Note how Cassandra has to scan all 30,000+ rows (all 100,000 including the other machines) to find the Bob we're looking for, since we only have an index on firstname. Moral: Cassandra isn't black magic, you still need to create appropriate indexes to get the performance you want.
Tracing a queue antipattern
Here's a more subtle one.
It is tempting to use Cassandra as a durable queue, e.g.
CREATE TABLE queues (
id text,
created_at timeuuid,
value blob,
PRIMARY KEY (id, created_at)
);
This relies on Cassandra's clustering within a partition (where the partition is the queue id) to order queue entries by creation time. Then grabbing the most recent queue entry is just SELECT FROM queues WHERE id = 'myqueue' ORDER BY created_at LIMIT 1.
Here's what that looks like after creating and removing 100,000 entries:
activity | timestamp | source | source_elapsed
------------------------------------------+--------------+-----------+----------------
execute_cql3_query | 19:31:05,650 | 127.0.0.1 | 0
Sending message to /127.0.0.3 | 19:31:05,651 | 127.0.0.1 | 541
Messsage received from /127.0.0.1 | 19:31:05,651 | 127.0.0.3 | 39
Executing single-partition query | 19:31:05,652 | 127.0.0.3 | 943
Acquiring sstable references | 19:31:05,652 | 127.0.0.3 | 973
Merging memtable contents | 19:31:05,652 | 127.0.0.3 | 1020
Merging data from memtables and sstables | 19:31:05,652 | 127.0.0.3 | 1081
Read 1 live cells and 100000 tombstoned | 19:31:05,686 | 127.0.0.3 | 35072
Enqueuing response to /127.0.0.1 | 19:31:05,687 | 127.0.0.3 | 35220
Sending message to /127.0.0.1 | 19:31:05,687 | 127.0.0.3 | 35314
Messsage received from /127.0.0.3 | 19:31:05,687 | 127.0.0.1 | 36908
Processing response from /127.0.0.3 | 19:31:05,688 | 127.0.0.1 | 37650
Request complete | 19:31:05,688 | 127.0.0.1 | 38047
Take a look in the middle here: "Read 1 live cells and 100000 tombstoned."

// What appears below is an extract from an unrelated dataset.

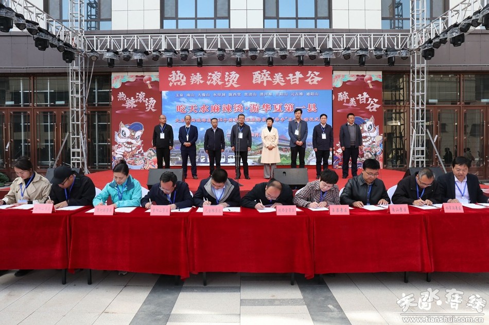 啟動(dòng)儀式上,秦州區(qū)玉泉觀景區(qū)、南山景區(qū)、武山縣水簾洞景區(qū)、隴西縣隴西堂景區(qū)、渭源縣渭河源景區(qū)、首陽(yáng)山景區(qū)、元古堆景區(qū)、漳縣貴清山景區(qū)、遮陽(yáng)山景區(qū)、甘谷縣大像山景區(qū)負(fù)責(zé)人簽訂“牽手”互通協(xié)議書(shū)。

Because Cassandra uses a log-structured storage engine, deletes do not immediately remove all traces of a row. Instead, Cassandra writes a deletion marker called a tombstone that supresses the old data until it can be compacted away.

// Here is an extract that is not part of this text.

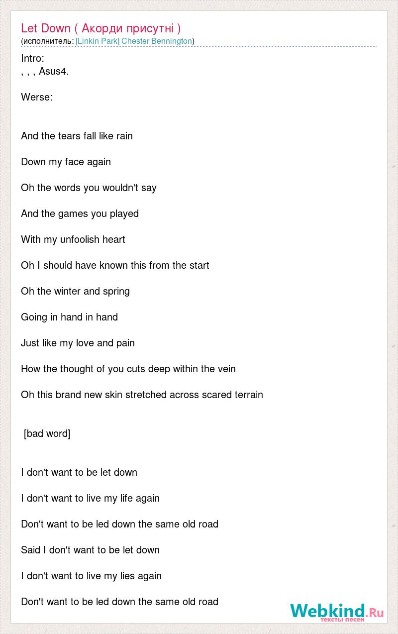 А как ты думаешь, о чем песня "Let Down ( Акорди присутні )" ?

So what we see in this trace is Cassandra having to read past all the older, deleted entries, before it gets to one that is still alive -- a sign that you need to rethink your data model.
Availability
Tracing is part of Cassandra 1.2. Beta 2 is ready for testing; we expect the final release before the end of the year.